Right after Geraldine Ferraro was nominated for Vice President, a shoe company ran an ad in a women's fashion magazine with the tag line, "Every woman needs a platform to speak from," over a picture of an admittedly hot shoe with a three-inch platform. I knew right then that Ferraro was going to lose. A 3-inch heel, be it platform or spike, is, it goes without saying, most emphatically not the sort of platform we needed. The advertiser viciously trivialized the platform Ferraro was running on. The ad's creators overtly sought to channel all our political ambitions into a "suitable" direction for women and girls, and away from real power--as Wolf points out, much in our consumer society does. It's almost as if the shoe guys were saying,
"It's ok girls. You aren't ready for the White House, but here's this cool consolation prize--a pair of shoes you could break your ankle falling off of. Be careful when you walk, but hey. At least you'll look sexy! which is all you girls really want out of life anyway, right? Not to mention that we guys are much more comfortable if you stay in that space, ok?"
Now Dr. Isis has some truly hot shoes in a recent post. I bet she looks spectacular in them. And I am not, repeat not, criticizing her for wearing them. I like them. And given her station in life, they are obviously not the consolation prize. But Dr. Isis and I grew up in very different times. I was just coming of age when the second wave of feminism hit young women of my generation like a tsunami, and that, believe it or not, has a lot to do with how I feel about shoes.

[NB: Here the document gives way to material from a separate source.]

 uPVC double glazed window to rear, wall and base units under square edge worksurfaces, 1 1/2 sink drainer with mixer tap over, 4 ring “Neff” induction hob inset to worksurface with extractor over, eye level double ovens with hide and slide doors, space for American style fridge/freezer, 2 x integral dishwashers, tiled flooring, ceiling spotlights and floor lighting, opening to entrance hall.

Rape crisis centers and battered women's shelters sprang up everywhere in the '70s, as did self-defense classes for women. And one of the things I learned early on was that high heels are literally crippling. For one thing, they actually damage your feet, legs, and back. No biggie--lots of things we consider fun or fashionable are not good for us. Take chocolate, for example.

But feminists back then equated spike heels in particular with the ancient Chinese practice of foot-binding. If it was hard for a woman to walk, and her activities were thereby severely restricted, it was obviously going to be easier to keep her in her place--to wit, submissive and dependent. And as the women who ran the self-defense classes pointed out, it is damn difficult to run, kick, or fight wearing spikes. (Although removed from the foot, they do make pretty good weapons.)

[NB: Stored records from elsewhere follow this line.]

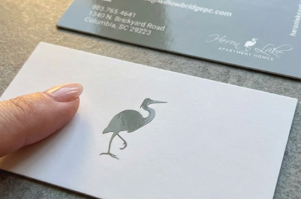 Gold, silver, and rose gold foil stamping for logos, borders, and accent elements that catch the light.
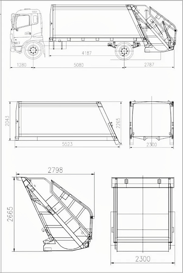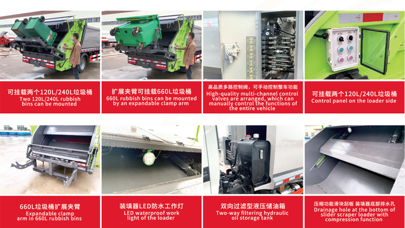 ●Nagy hatékonyságú tömörítés: Hidraulikus rendszert alkalmaz, ami jelentősen növeli a hulladékszállítási kapacitást.
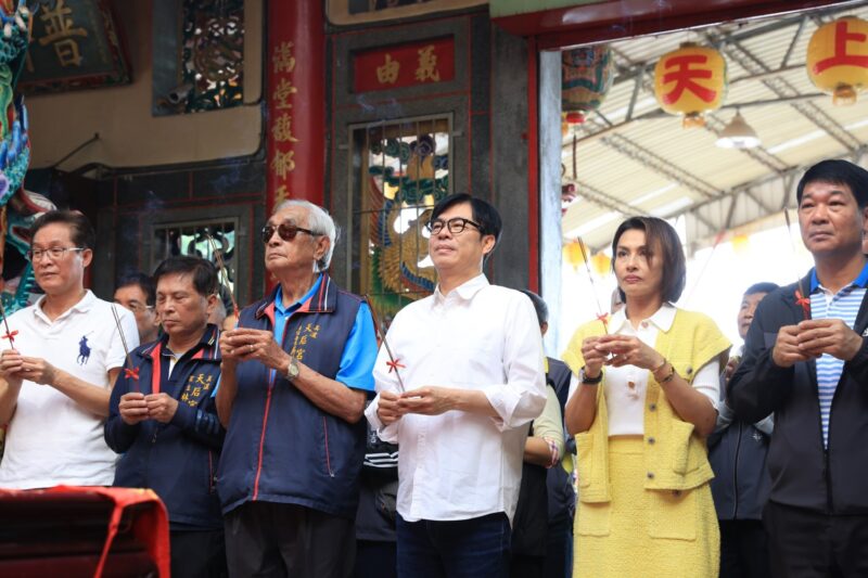 陳其邁隨後前往美濃天后宮參香祈福,並發送龍年小紅包給客家鄉親。他致詞時再次提及在地民代爭取經費建設美濃,促進當地觀光發展及改善淹水,要向他們表達感謝。祝福客家鄉親們在未來的一年裡,都能幸福美滿、長長久久。
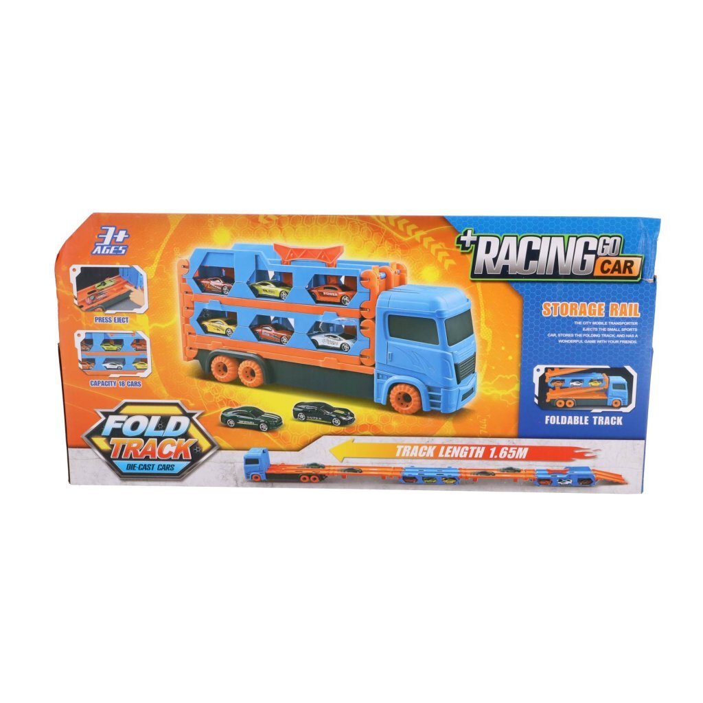 Deze stoere vrachtwagen heeft ruimte voor een heleboel racewagens op zijn aanhanger – je kunt er meer dan 18 auto’s op kwijt! De auto kan ook uitklappen om een racebaan van wel 1.65 meter te vormen! Druk op de knop om je auto’s te lanceren. Inclusief 2 metalen voertuigen. Geschikt voor kinderen vanaf 3 jaar.
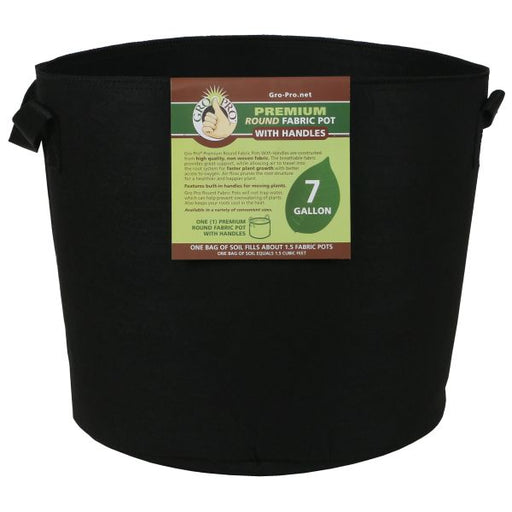 Gro Pro Premium Round Fabric Pot w- Handles 7 Gallon - Black
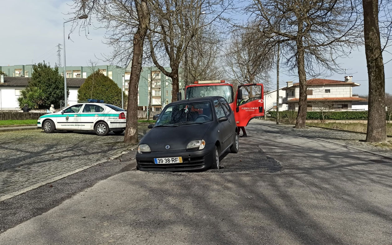 Piso volta a ceder junto à feira e provoca danos numa viatura
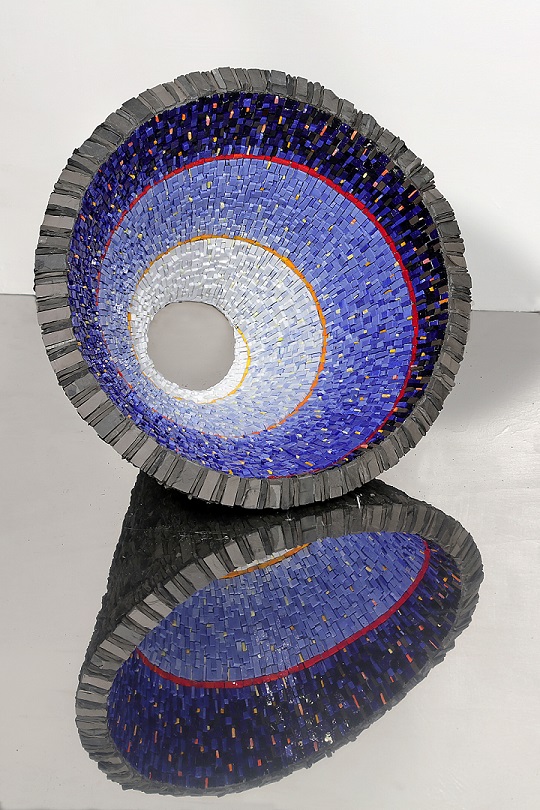 Di questa singolare intuizione di Cossyro – e della valenza anticipatrice della sua ricerca plastica verso forme e fenomeni oggetto di studio della fisica moderna e contemporanea – scrive Bruno Corà, nel testo critico del volume Black Holes, affiancando l’indagine di Cossyro a quella pionieristica di Fontana di oltre mezzo secolo fa: “Se i ‘buchi’ o i ‘concetti spaziali’ di Lucio Fontana – dice Corà – hanno fornito, in modo pionieristico negli anni Cinquanta una fisionomia ideale all’identità dello spazio siderale e perfino a quello delle particelle, ora Cossyro con i suoi black holes si è spinto verso frontiere ancora più estreme. Infatti, il ciclo dei buchi neri (2010-2016) concepiti e realizzati da Cossyro con tessere vitree e ardesia, e collocati sul pavimento sopra lastre di acciaio inox lucidato a specchio o sospesi in aria, consentono di prendere visione e coscienza di una realtà altrimenti invisibile poiché riferita a fenomeni astronomici aventi una massa di numerose migliaia di volte superiore a quella del sole strutturalmente munita di una velocità in grado di inghiottire la luce e pertanto non consentendo la sua diffusione”.
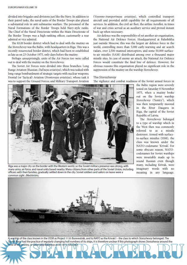 Year: 2022 Language: english Author: Michael Fredholm von Essen Genre: History Edition: Europe War №19 Format: PDF Quality: Scanned pages Pages count: 60 Description: In 1975, Lieutenant Commander Valeriy Sablin led his crew in a mutiny on the Soviet warship Storozhevoy. The ship was then located in Riga, Soviet Latvia. Sablin’s avowed intention was to foment a new communist revolution by taking the warship to Leningrad, where he expected to receive the support of the navy and the masses. However, the Soviet leadership thought that Sablin intended to defect to Sweden, bringing with him a warship of modern design with all its armaments, electronics, communication devices, and code books. As a result, Soviet supreme leader Leonid Brezhnev ordered the destruction of the warship. After several dramatic, but ultimately failed, attacks on the Storozhevoy, Colonel General Sergey Gulyayev, commander of the Naval Aviation of the Baltic Fleet, personally ordered a missile launch against the Storozhevoy, employing the special protocol for the launch of nuclear missiles. The purpose of the launch was to destroy the warship. However, by then the crew had already detained Sablin and announced their intention to surrender. The air crews did not know this; however, their commanding officer, Colonel Arkhip Savinkov, never launched the missile, instead faking a radar malfunction. The mutiny was over. Due to the very serious implications of the suppressed mutiny, and the difficulties in finding and attacking the Storozhevoy, which showed that the combat readiness of the Soviet armed forces was less than desired, the participating air crews were ordered to destroy any documentation of the incident and keep quiet about what had happened. As a result, not even the KGB could later piece together all events of the incident, nor is there information in Soviet archives on all the actions taken. For much of the mutiny, the Soviet Navy did not even know the correct location of the Storozhevoy. However, the Swedish SIGINT service monitored the entire incident in real time. The Swedish SIGINT reporting enables a detailed, blow-by-blow description of the events. Being real-time intercepts, the reporting is a far more trustworthy source than the later, often embellished accounts previously published. For this reason, the book offers a detailed and authoritative account of the mutiny based on the SIGINT reporting, with supporting evidence from other surviving sources, together with an account of how Western intelligence interpreted and handled the reporting.

So to me shoes are important to mobility. If I'm not mobile in them, I won't buy them. These are my office and classroom shoes. They are simply the most stable, comfortable shoes I have ever owned. They are Brooks and you can buy them here (although I got mine cheaper on e-bay). I have two pair (the other pair is tan) and if they ever start making them in purple, Dr. Isis, I shall have a pair of them, too!

2 comments:

Isis the Scientist said...

Virginia, thank you for this perspective. You keep rocking your Brooks. I am finding my race stripe shoes to be completely comfortable, but your Brooks are looking pretty comfortable too.

Liberality said...

I wear low healed boots during the winter. I don't wear heals and I don't like them. Very nice blog you have here. Came via Twisty's place.